▸ REQUIREMENT: Only the text belongs in the copy: retype each record exactly as it appears.
----- EXTRACTED RECORDS -----
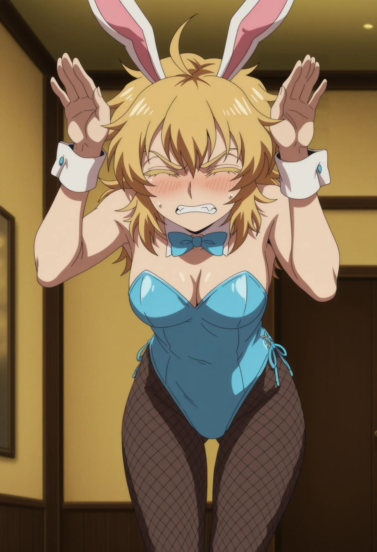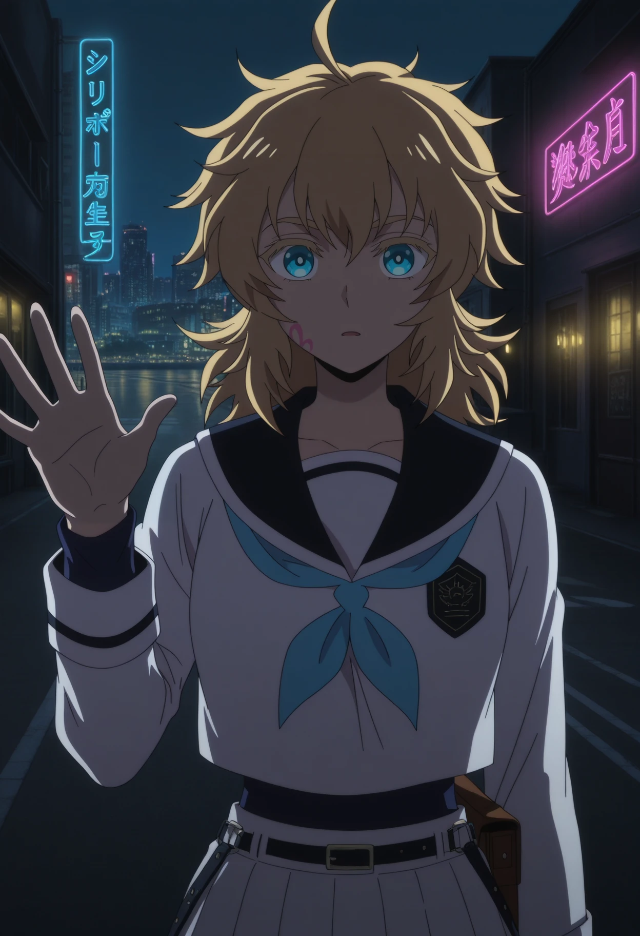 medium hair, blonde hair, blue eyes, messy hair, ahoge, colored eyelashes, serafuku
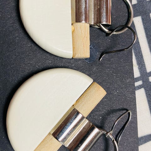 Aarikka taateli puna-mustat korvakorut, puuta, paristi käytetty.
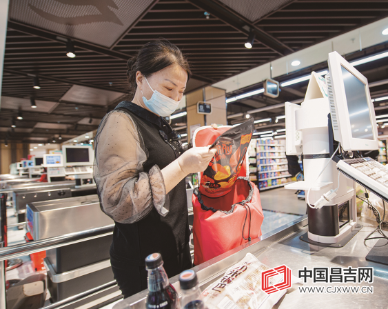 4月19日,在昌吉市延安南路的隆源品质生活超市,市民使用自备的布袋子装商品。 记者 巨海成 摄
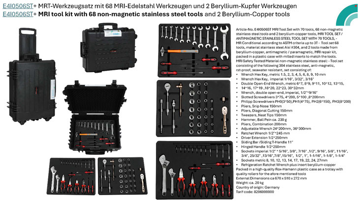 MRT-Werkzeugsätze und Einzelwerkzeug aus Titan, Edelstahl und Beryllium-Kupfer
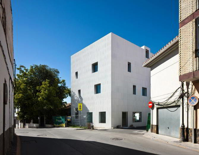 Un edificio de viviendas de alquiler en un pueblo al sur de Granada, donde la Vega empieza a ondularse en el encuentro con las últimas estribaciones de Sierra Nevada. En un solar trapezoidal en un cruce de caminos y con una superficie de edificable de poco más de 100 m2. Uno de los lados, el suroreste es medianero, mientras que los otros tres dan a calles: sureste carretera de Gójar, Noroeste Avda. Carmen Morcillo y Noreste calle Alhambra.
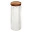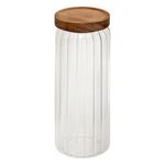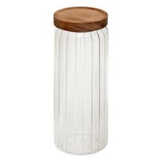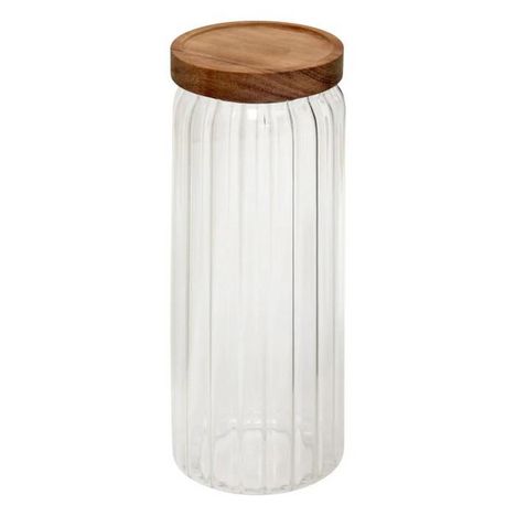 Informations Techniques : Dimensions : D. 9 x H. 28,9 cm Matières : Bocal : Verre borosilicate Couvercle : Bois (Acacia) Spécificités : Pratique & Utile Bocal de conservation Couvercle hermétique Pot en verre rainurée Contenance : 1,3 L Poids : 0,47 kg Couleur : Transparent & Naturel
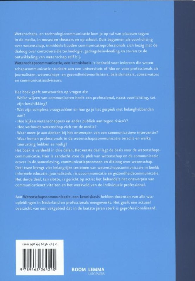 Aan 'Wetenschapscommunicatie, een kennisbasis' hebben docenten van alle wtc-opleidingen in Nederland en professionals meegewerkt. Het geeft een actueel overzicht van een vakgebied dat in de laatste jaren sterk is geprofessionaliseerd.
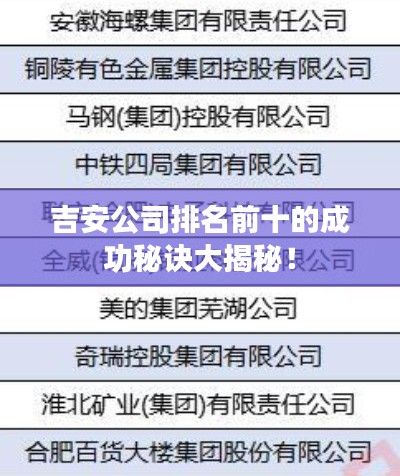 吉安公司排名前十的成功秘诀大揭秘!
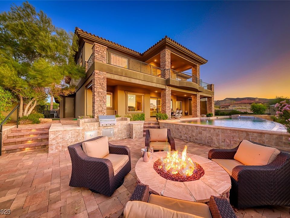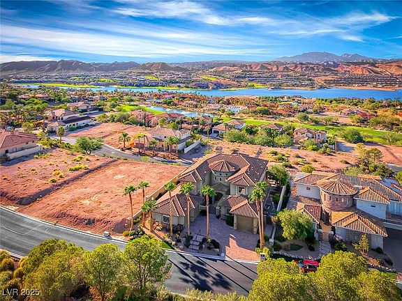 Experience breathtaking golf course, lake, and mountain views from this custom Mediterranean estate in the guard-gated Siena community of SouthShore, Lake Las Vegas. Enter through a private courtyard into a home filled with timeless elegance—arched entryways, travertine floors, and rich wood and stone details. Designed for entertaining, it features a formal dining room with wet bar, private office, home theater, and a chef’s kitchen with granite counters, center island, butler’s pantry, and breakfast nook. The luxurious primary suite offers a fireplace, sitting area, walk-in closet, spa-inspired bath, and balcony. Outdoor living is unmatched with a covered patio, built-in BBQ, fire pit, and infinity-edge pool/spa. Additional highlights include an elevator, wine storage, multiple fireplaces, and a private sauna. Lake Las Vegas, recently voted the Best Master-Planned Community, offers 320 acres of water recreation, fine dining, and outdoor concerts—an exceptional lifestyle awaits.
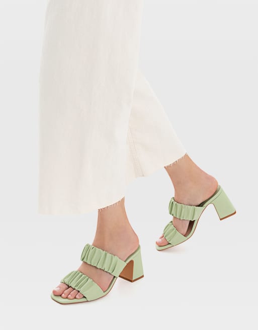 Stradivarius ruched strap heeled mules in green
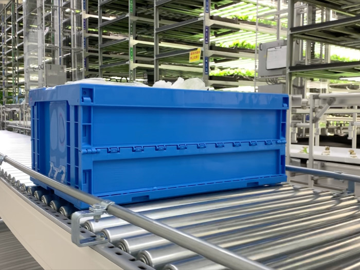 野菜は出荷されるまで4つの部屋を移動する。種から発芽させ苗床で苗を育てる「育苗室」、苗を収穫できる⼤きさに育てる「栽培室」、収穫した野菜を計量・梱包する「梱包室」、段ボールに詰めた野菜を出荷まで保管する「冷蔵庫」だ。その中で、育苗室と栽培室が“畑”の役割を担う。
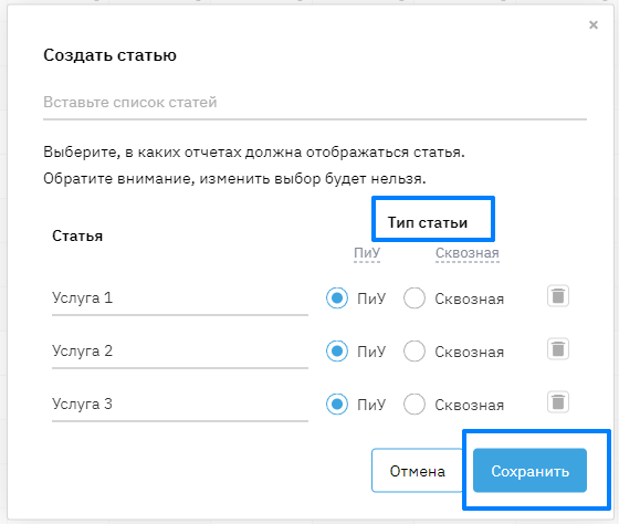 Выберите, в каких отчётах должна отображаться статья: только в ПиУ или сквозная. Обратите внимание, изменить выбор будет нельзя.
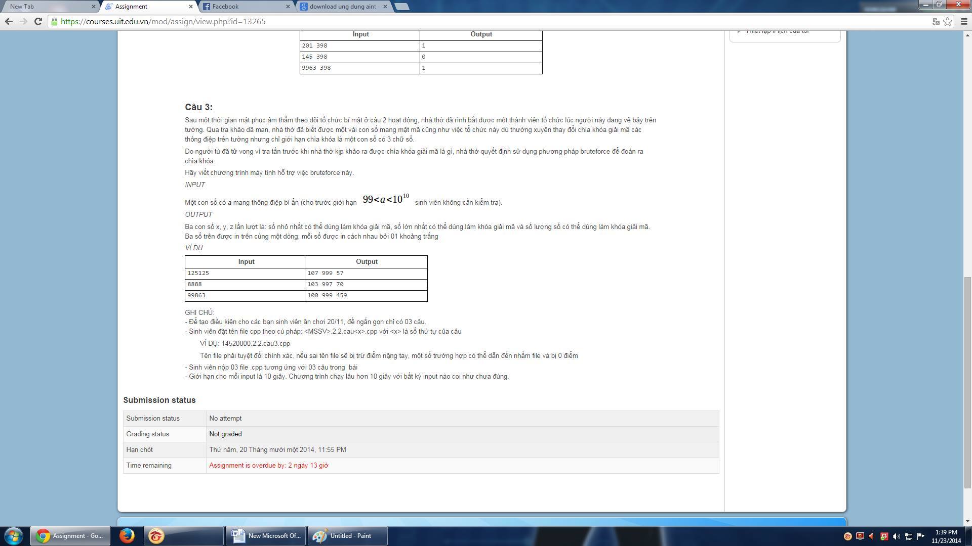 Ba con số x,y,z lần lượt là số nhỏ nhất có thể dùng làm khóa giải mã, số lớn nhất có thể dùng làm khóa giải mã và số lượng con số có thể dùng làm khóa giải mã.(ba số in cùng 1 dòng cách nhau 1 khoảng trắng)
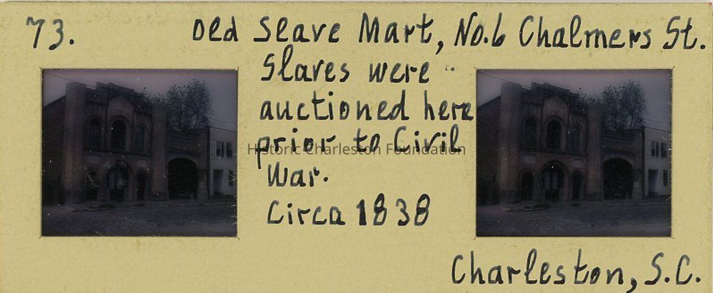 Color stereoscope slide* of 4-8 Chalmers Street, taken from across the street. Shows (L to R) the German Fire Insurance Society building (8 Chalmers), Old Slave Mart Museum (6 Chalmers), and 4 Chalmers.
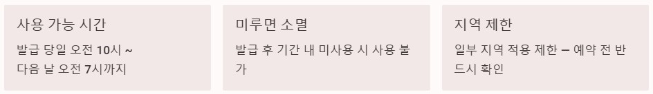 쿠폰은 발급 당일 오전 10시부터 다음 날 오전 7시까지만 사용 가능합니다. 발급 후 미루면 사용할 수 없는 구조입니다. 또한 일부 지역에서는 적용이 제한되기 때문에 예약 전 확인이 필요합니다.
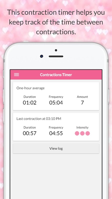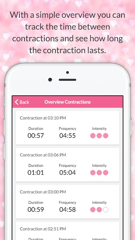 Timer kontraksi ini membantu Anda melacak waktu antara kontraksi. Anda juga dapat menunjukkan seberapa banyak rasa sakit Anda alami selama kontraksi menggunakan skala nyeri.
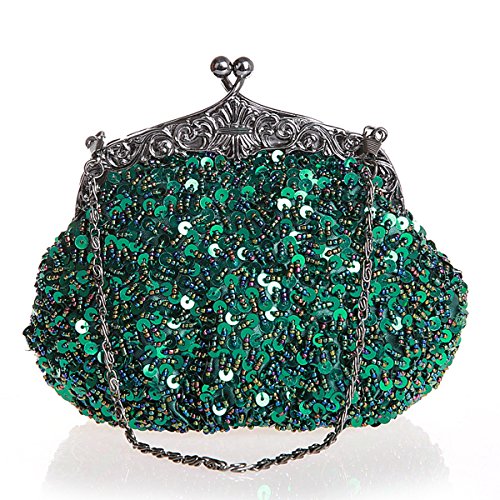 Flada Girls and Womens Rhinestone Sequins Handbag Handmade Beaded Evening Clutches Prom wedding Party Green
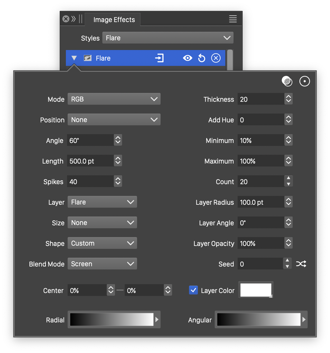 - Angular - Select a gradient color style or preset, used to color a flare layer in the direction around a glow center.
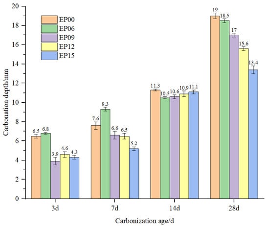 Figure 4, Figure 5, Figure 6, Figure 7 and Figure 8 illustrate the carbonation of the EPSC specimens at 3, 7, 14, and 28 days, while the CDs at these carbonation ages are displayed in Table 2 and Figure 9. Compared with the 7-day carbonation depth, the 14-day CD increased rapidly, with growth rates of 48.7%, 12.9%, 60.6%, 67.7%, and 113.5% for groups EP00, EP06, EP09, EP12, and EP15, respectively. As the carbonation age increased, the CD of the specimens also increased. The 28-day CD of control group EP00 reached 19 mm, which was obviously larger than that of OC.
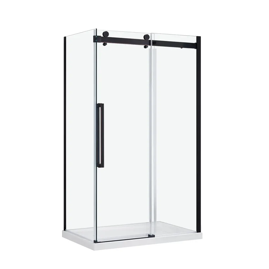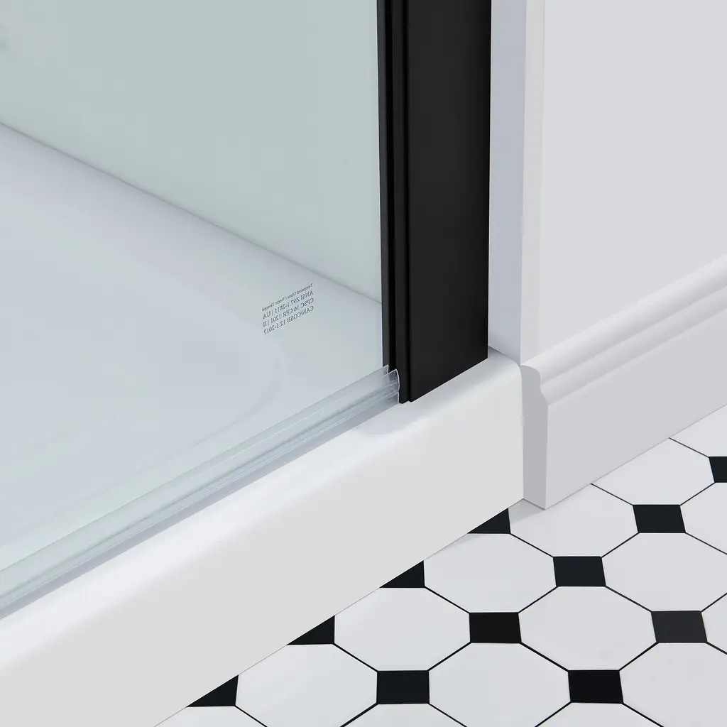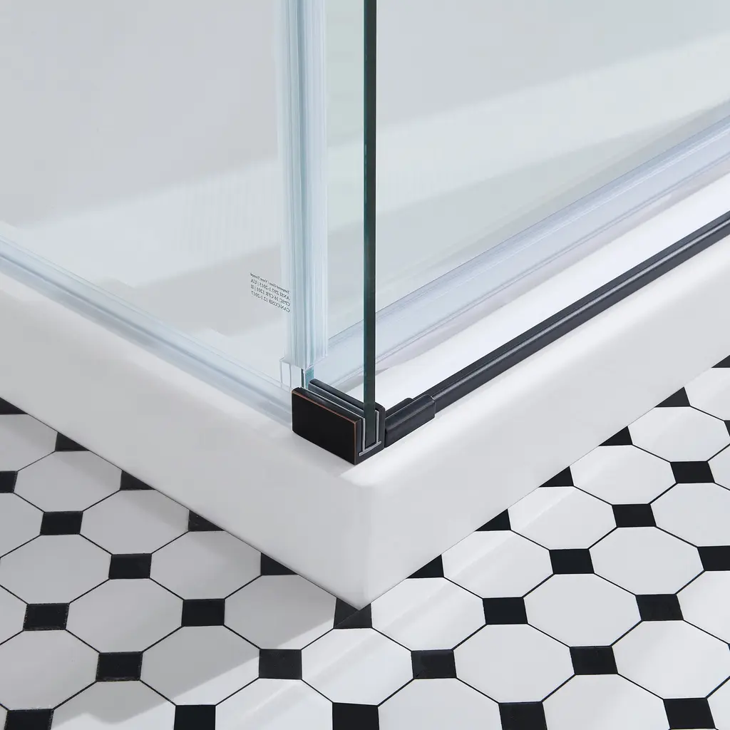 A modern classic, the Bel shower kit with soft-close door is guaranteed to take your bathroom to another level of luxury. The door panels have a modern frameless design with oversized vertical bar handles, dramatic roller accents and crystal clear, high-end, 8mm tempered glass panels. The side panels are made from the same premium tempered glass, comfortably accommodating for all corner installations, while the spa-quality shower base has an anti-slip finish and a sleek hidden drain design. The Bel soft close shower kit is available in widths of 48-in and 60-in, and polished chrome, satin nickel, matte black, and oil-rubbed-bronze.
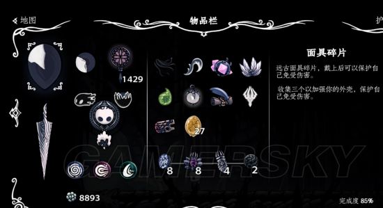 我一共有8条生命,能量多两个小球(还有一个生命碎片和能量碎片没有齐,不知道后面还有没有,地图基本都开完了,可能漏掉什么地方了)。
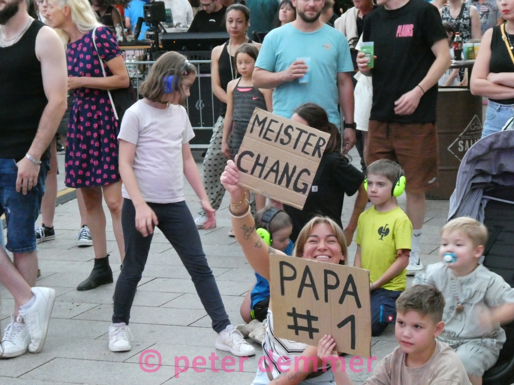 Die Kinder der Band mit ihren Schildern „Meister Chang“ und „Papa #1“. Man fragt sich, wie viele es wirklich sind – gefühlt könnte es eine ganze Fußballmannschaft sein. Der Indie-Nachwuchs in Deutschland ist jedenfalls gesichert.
-----
▸ SOLUTION:
 medium hair, blonde hair, blue eyes, messy hair, ahoge, colored eyelashes, serafuku
 Aarikka taateli puna-mustat korvakorut, puuta, paristi käytetty.
 4月19日,在昌吉市延安南路的隆源品质生活超市,市民使用自备的布袋子装商品。 记者 巨海成 摄
 MRT-Werkzeugsätze und Einzelwerkzeug aus Titan, Edelstahl und Beryllium-Kupfer
 Un edificio de viviendas de alquiler en un pueblo al sur de Granada, donde la Vega empieza a ondularse en el encuentro con las últimas estribaciones de Sierra Nevada. En un solar trapezoidal en un cruce de caminos y con una superficie de edificable de poco más de 100 m2. Uno de los lados, el suroreste es medianero, mientras que los otros tres dan a calles: sureste carretera de Gójar, Noroeste Avda. Carmen Morcillo y Noreste calle Alhambra.
 Informations Techniques : Dimensions : D. 9 x H. 28,9 cm Matières : Bocal : Verre borosilicate Couvercle : Bois (Acacia) Spécificités : Pratique & Utile Bocal de conservation Couvercle hermétique Pot en verre rainurée Contenance : 1,3 L Poids : 0,47 kg Couleur : Transparent & Naturel
 Aan 'Wetenschapscommunicatie, een kennisbasis' hebben docenten van alle wtc-opleidingen in Nederland en professionals meegewerkt. Het geeft een actueel overzicht van een vakgebied dat in de laatste jaren sterk is geprofessionaliseerd.
 吉安公司排名前十的成功秘诀大揭秘!
 Experience breathtaking golf course, lake, and mountain views from this custom Mediterranean estate in the guard-gated Siena community of SouthShore, Lake Las Vegas. Enter through a private courtyard into a home filled with timeless elegance—arched entryways, travertine floors, and rich wood and stone details. Designed for entertaining, it features a formal dining room with wet bar, private office, home theater, and a chef’s kitchen with granite counters, center island, butler’s pantry, and breakfast nook. The luxurious primary suite offers a fireplace, sitting area, walk-in closet, spa-inspired bath, and balcony. Outdoor living is unmatched with a covered patio, built-in BBQ, fire pit, and infinity-edge pool/spa. Additional highlights include an elevator, wine storage, multiple fireplaces, and a private sauna. Lake Las Vegas, recently voted the Best Master-Planned Community, offers 320 acres of water recreation, fine dining, and outdoor concerts—an exceptional lifestyle awaits.
 Stradivarius ruched strap heeled mules in green
 野菜は出荷されるまで4つの部屋を移動する。種から発芽させ苗床で苗を育てる「育苗室」、苗を収穫できる⼤きさに育てる「栽培室」、収穫した野菜を計量・梱包する「梱包室」、段ボールに詰めた野菜を出荷まで保管する「冷蔵庫」だ。その中で、育苗室と栽培室が“畑”の役割を担う。
 Выберите, в каких отчётах должна отображаться статья: только в ПиУ или сквозная. Обратите внимание, изменить выбор будет нельзя.
 Ba con số x,y,z lần lượt là số nhỏ nhất có thể dùng làm khóa giải mã, số lớn nhất có thể dùng làm khóa giải mã và số lượng con số có thể dùng làm khóa giải mã.(ba số in cùng 1 dòng cách nhau 1 khoảng trắng)
 Color stereoscope slide* of 4-8 Chalmers Street, taken from across the street. Shows (L to R) the German Fire Insurance Society building (8 Chalmers), Old Slave Mart Museum (6 Chalmers), and 4 Chalmers.
 쿠폰은 발급 당일 오전 10시부터 다음 날 오전 7시까지만 사용 가능합니다. 발급 후 미루면 사용할 수 없는 구조입니다. 또한 일부 지역에서는 적용이 제한되기 때문에 예약 전 확인이 필요합니다.
 Timer kontraksi ini membantu Anda melacak waktu antara kontraksi. Anda juga dapat menunjukkan seberapa banyak rasa sakit Anda alami selama kontraksi menggunakan skala nyeri.
 Flada Girls and Womens Rhinestone Sequins Handbag Handmade Beaded Evening Clutches Prom wedding Party Green
 - Angular - Select a gradient color style or preset, used to color a flare layer in the direction around a glow center.
 Figure 4, Figure 5, Figure 6, Figure 7 and Figure 8 illustrate the carbonation of the EPSC specimens at 3, 7, 14, and 28 days, while the CDs at these carbonation ages are displayed in Table 2 and Figure 9. Compared with the 7-day carbonation depth, the 14-day CD increased rapidly, with growth rates of 48.7%, 12.9%, 60.6%, 67.7%, and 113.5% for groups EP00, EP06, EP09, EP12, and EP15, respectively. As the carbonation age increased, the CD of the specimens also increased. The 28-day CD of control group EP00 reached 19 mm, which was obviously larger than that of OC.
 A modern classic, the Bel shower kit with soft-close door is guaranteed to take your bathroom to another level of luxury. The door panels have a modern frameless design with oversized vertical bar handles, dramatic roller accents and crystal clear, high-end, 8mm tempered glass panels. The side panels are made from the same premium tempered glass, comfortably accommodating for all corner installations, while the spa-quality shower base has an anti-slip finish and a sleek hidden drain design. The Bel soft close shower kit is available in widths of 48-in and 60-in, and polished chrome, satin nickel, matte black, and oil-rubbed-bronze.
 我一共有8条生命,能量多两个小球(还有一个生命碎片和能量碎片没有齐,不知道后面还有没有,地图基本都开完了,可能漏掉什么地方了)。
 Die Kinder der Band mit ihren Schildern „Meister Chang“ und „Papa #1“. Man fragt sich, wie viele es wirklich sind – gefühlt könnte es eine ganze Fußballmannschaft sein. Der Indie-Nachwuchs in Deutschland ist jedenfalls gesichert.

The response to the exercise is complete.